On 01/28/2012 05:46 PM, Beman Dawes wrote:
> describes Boost components intended to ease string interoperability in
> general and Unicode string interoperability in particular.
> These proposals are the Boost version of the TR2 proposals made in
> N3336, Adapting Standard Library Strings and I/O to a Unicode World.
> See
> I'm very interested in hearing comments about either the Boost or the
> TR2 proposal. Are these useful additions? Is there a better way to
> achieve the same easy interoperability goals?

I think you should consider the points being made in N3334.
While that proposal is in my opinion not good enough, it raises an
important issue that is often present with std::string-based or similar

A function that takes a std::string, or a boost::filesystem::path for
that matter, necessarily causes the callee to copy the data into a
heap-allocated buffer, even if there is no need to.

Use of the range concept would solve that issue, but then that requires
making the function a template. A type-erased range would be possible,
but that has significant performance overhead.
a string_ref or path_ref is maybe the lesser evil.

> Where is the best home for the Boost proposals? A separate library?
> Part of some existing library?
> Are these proposals orthogonal to the need for deeper Unicode
> functionality, such as Mathias Gaunard's Unicode components?

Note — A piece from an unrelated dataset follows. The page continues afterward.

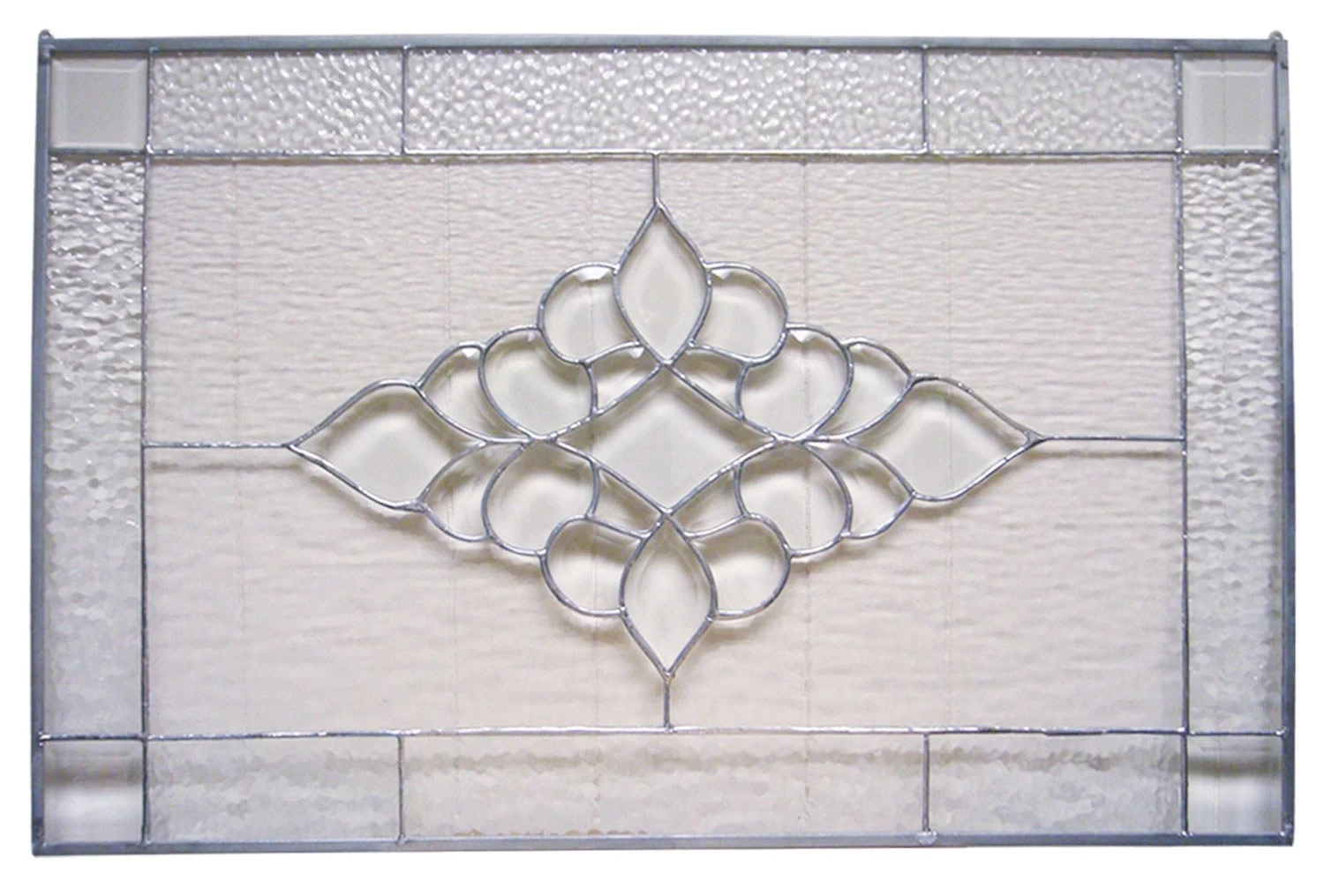 The slanted edges of bevels refract light into a rainbow of colors — both inside the glass, and onto your walls, floors and ceilings. Clear bevel cluster, measures 14-1/2″ wide by 20-3/4″ high when assembled. 21 pieces.

It seems all you really care about is having iterator adaptors that do
character set conversion, allowing to lazily convert any range of any
encoding to a particular Unicode encoding.
This has always been the goal of my library, which somewhat provides
that along with more advanced Unicode features. Those two things could
live separately though.

For standardization, the problem with iterator adaptors is that they
cannot be as fast as free functions operating on pointers, unless the
optimizer is pretty darn good. The conversion algorithms are also fully
template and cannot be put in the library binary.
Those are disadvantages compared to the mechanisms that exist today in
the standard.

By the way you only have input iterator adaptors. In my library I've
implemented bidirectional iterator adaptors and output iterator adaptors.
You've only been considering input, but output can also be useful
depending on the situation.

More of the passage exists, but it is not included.